Pattern to H-mutation (into P or B)?

Sorry if this is obvious to anyone but I just failed a vocab review by putting げんぼう when it should have been げんぽう and it got me thinking about H-mutation in general.

The H-row sounds は・ひ・ふ・へ・ほ often turn into either ば・び・ぶ・べ・ぼ or ぱ・ぴ・ぷ・ぺ・ぽ when they get compounded. Fair enough. Are there broad and useful tendencies to these changes? I thought about it and did some research, and it seems:

  • kun’yomi compounds seem to favour H turning into B (yay rendaku)
  • on’yomi compounds seem to favour H turning into P after ん (counter words are a big exception)
  • H turning into P happens after gemination (doubling) regardless of kun’yomi or on’yomi

Kun’yomi compound examples would be 落ち葉 (おちば) and 頑張る (がんばる).
Jukugo (on’yomi compound) examples would be 文法 (ぶんぽう) and 電波 (でんぱ).
Examples of gemination (doubling) during compounding would be 引っ張る・ひっぱり (引き + 張る) (kun’yomi) and 失敗・しっぱい (jukugo).

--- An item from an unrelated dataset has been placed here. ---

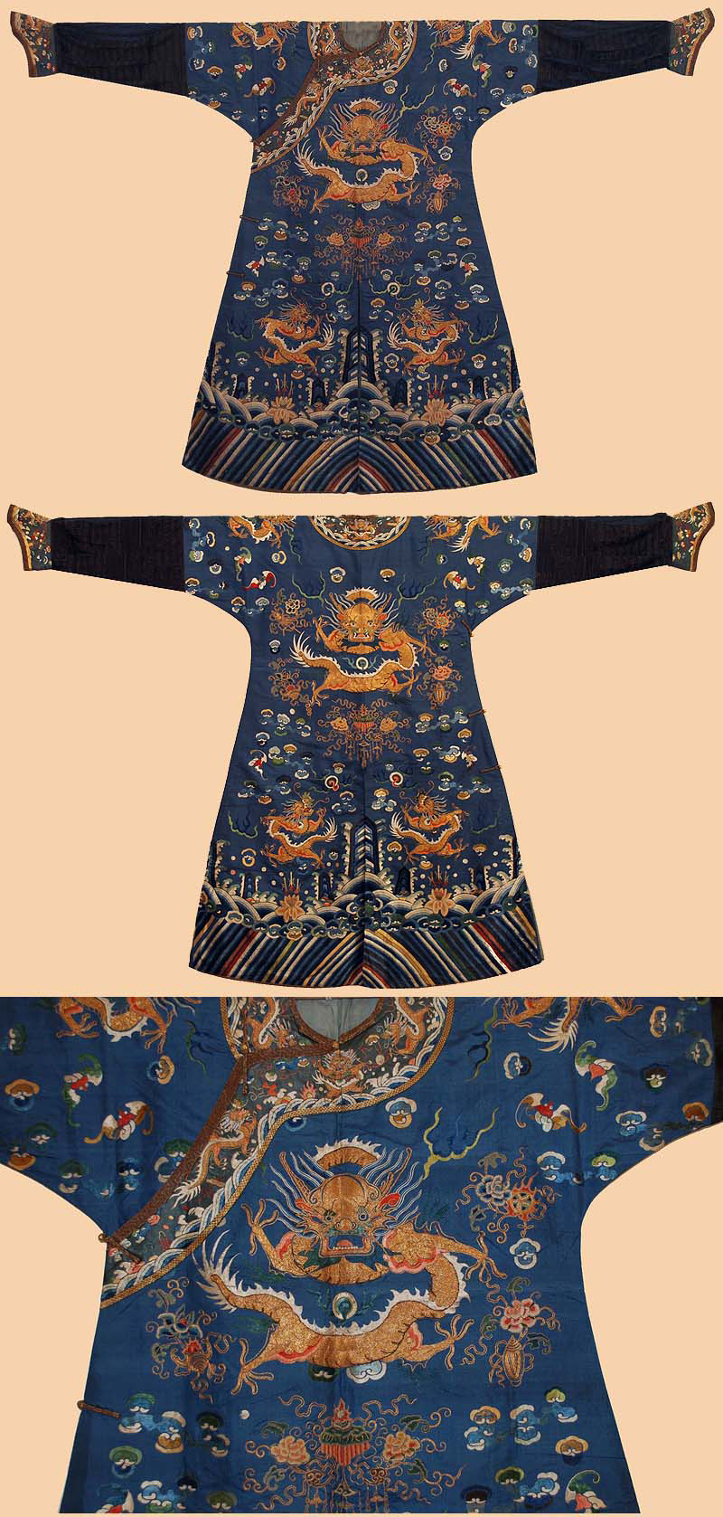 Antique Chinese Robe. Court Robe, China. Silk twill ground, silk and gilt Gold metal thread Embroidery Pattern of three dragons chasing flaming pearls front and back, similar dragons on shoulders, amidst clouds and flying cranes, above waves and mountains, striped lower section.

This would imply the following heuristics:

  1. In jukugo or kun’yomi compounds, (っ)ぱ could very well have started life as a は which got geminated/doubled (き/ち/つ+は geminates to っぱ across morpheme boundaries, though く+は doesn’t seem to trigger gemination except in counter words… ?)
  2. Aside from gemination, ぱ in a kun’yomi compound is not mutated from は because non-geminating sound changes in kun’yomi compounding are all about the rendaku (so ば and not ぱ)
  3. ば in a kun’yomi compound may well have been rendakued from は - e.g. 落ち葉・おちば
  4. In a jukugo word, a reading beginning with B (e.g. ぶん) in a jukugo (e.g. 新聞・しんぶん) is almost never mutated from an H ふん with the major exception again being counter words, e.g. 三分・さんぶん
  5. In a jukugo word, a P-initial reading after ん (e.g. ~んぷん) comes from an H/F-initial reading (e.g. ふん)… with two exceptions: the country kanji for Portugal and Poland

These seem to be broadly if not absolutely on the money. Anyone care to shoot my procrastination full of holes? (Please do!)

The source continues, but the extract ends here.